By Jasmin Jackson

Law360 (December 13, 2022, 8:05 PM EST) — A Delaware federal judge on Tuesday wiped out four patents that Vanda Pharmaceuticals asserted against rivals Teva and Apotex in litigation over a planned generic version of sleep disorder drug Hetlioz, finding that they are invalid as obvious.

Following a four-day bench trial, U.S. Chief District Judge Colm Connolly said in his latest order that four patents held by Hetlioz maker Vanda Pharmaceuticals Inc. are ineligible for patenting. Vanda had alleged that competitors Teva Pharmaceuticals USA Inc. and Apotex Inc. infringed those patents by filing abbreviated new drug applications for generic versions of Hetlioz. But Judge Connolly determined that the claimed inventions are actually rendered obvious by prior art.

According to the opinion, combinations of previous publications released from 2003 to 2011 taught claimed aspects like dosage amounts and administration timing for Hetlioz, which is also chemically known as tasimelteon.

“Vanda argues ‘[t]hat 20 [milligrams] of tasimelteon proved efficacious was unexpected,'” Judge Connolly said. “As made clear from my finding above, [prior art references] contradict this contention.”

He added: “Vanda contends that ‘[i]t was unexpected that success could be obtained administering tasimelteon before bedtime, rather than several hours earlier.’ As discussed above, substantial record evidence contradicts this contention.”

A spokesperson for Vanda directed Law360 to a public Tuesday statement in response to requests for comment. According to that statement, “Vanda intends to appeal the decision to the U.S. Court of Appeals for the Federal Circuit and to request a stay of market entry by Teva and Apotex while the appeal is pending.”

Vanda first filed suit against Teva in April 2018, arguing that the drugmaker filed an ANDA that infringed patents issued by the U.S. Patent and Trademark Office from June 2015 to November 2017.

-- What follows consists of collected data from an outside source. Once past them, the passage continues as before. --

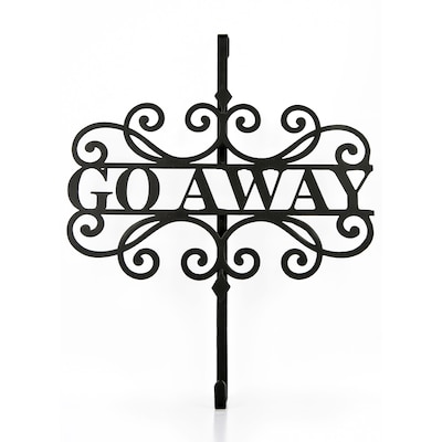 This ornate hanger offers an added greeting to your Halloween wreath display. Constructed of all steel with a matte black finish, the tongue-in-cheek message “Go Away" is centered between swirling scrollwork. This unique door hanger offers fun and function, perfect for hanging a wreath celebrating the Halloween season. For indoor or outdoor use.
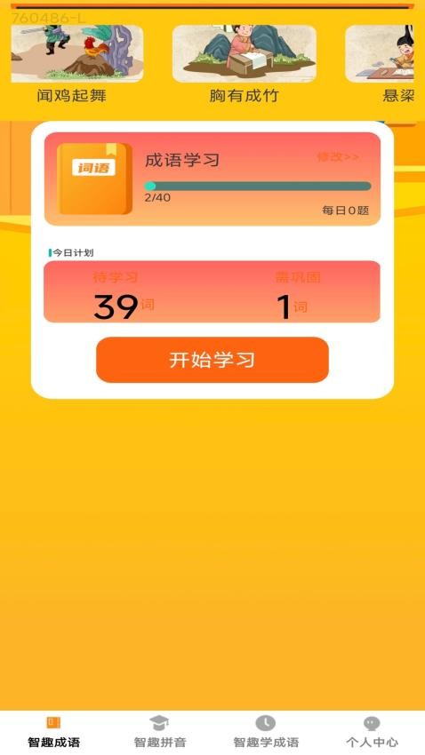 打开智趣成语,在首页,点击开始学习,进入成语学习页。
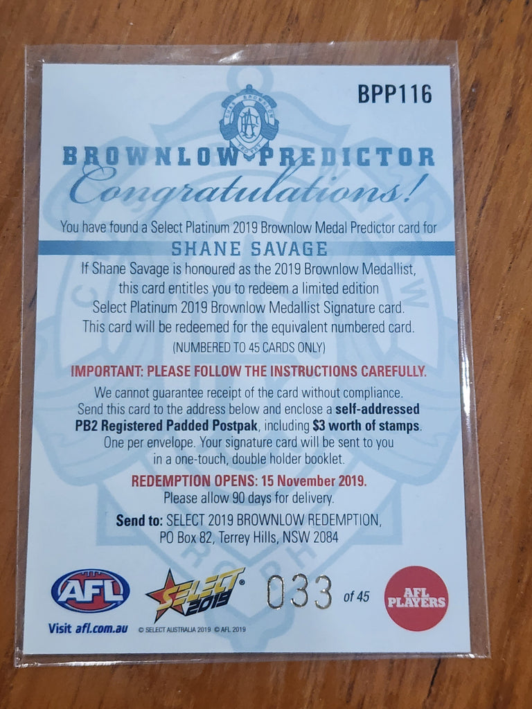 2019 AFL Select Platinum Brownlow Medal Predictor Shane Savage St Kilda BPP116 033/45
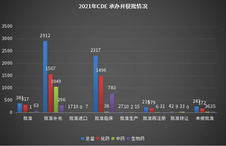 根据药智注册与受理数据库最新统计,2021年(注:CDE承办日期从2021年1月1日至2021年12月31日)审评完结受理号数量(指药智网中收录到审评结论的数量,不包括审评结束,但未公示审评结论的受理号)共计5414个,其中化药4414个,中药206个,生物制品792个。2021年承办并获批情况详见图6。
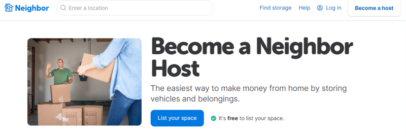 Neighboris one of the top platforms that people use to find storage nearby. So, you can become a host on Neighbor and earn extra bucks renting out your space to other people in your location. And you don’t pay a dime!
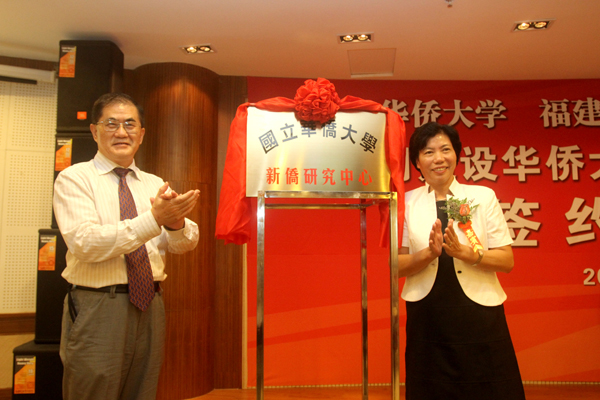 丘进校长和王亚君主席共同为新侨研究中心揭牌
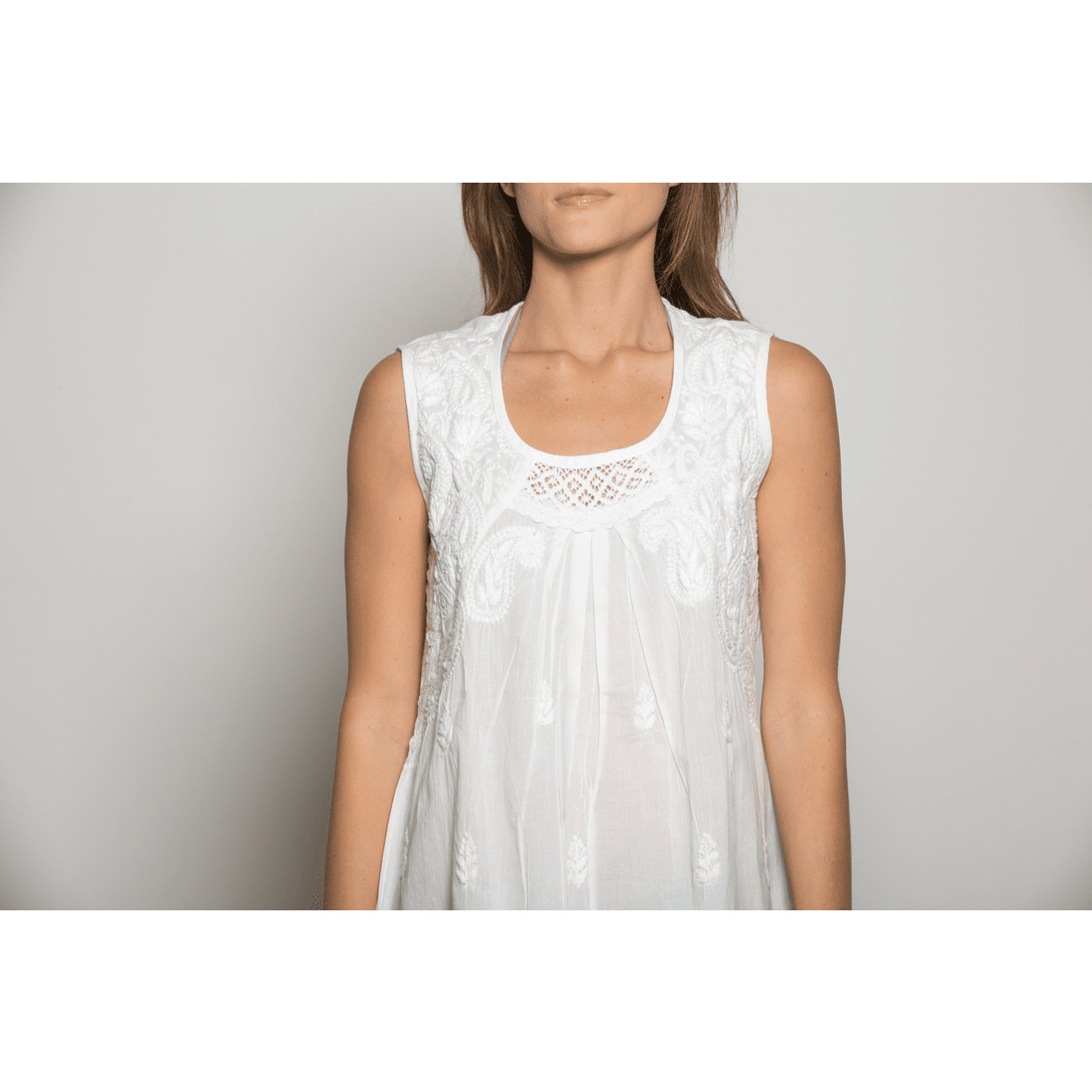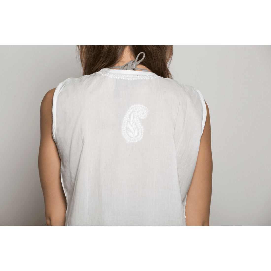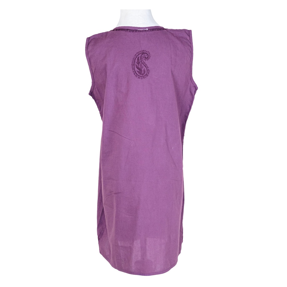 Beautiful hand-embroidered tunic in superior cotton. The tunic is sleeveless with no side slits. Accented with a small crochet front the tunic looks and feels very different and elegant. Back is accented with an embroidered motif for a fully authentic look. You can pair it easily with leggings or shorts.
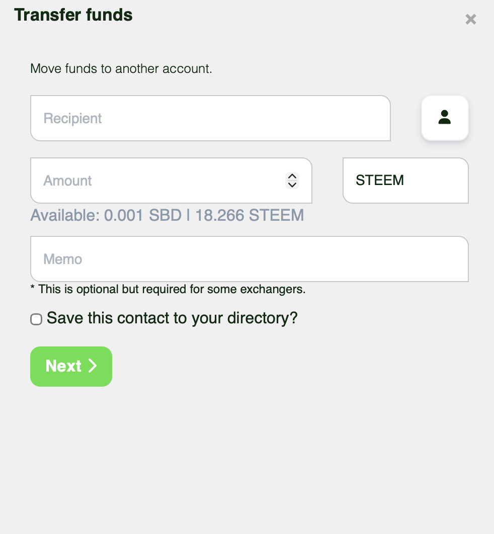 Comenzando a navegar por la Wallet nos encontramos con el formulario para realizar una transferencia, el mismo contiene todos los detalles básicos, un recipiente, la cantidad, la moneda a enviar, y el Memo. Adicionalmente hemos agregado un sistema de directorio que permitirá a los usuarios recordar configuraciones exactas de transferencias.
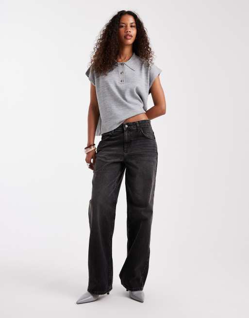 ASOS DESIGN – Svarta, tvättade och baggy jeans med låg midja

The Hetlioz maker then slapped Apotex and MSN Pharmaceuticals Inc. with two separate suits in May 2018, arguing that they also both filed ANDAs that purportedly infringed patents on the brand-name sleep disorder drug.

The three suits were later consolidated in May 2020.

Vanda then announced in January that it had settled its infringement claims against MSN. Under that deal, MSN could receive a license to manufacture and commercialize a version of Hetlioz as early as March 2035.

Teva and Apotex agreed in a stipulation that same month that their ANDAs would infringe claim 5 of U.S. Patent No. 10,376,487 — if the patent was found to be valid and enforceable.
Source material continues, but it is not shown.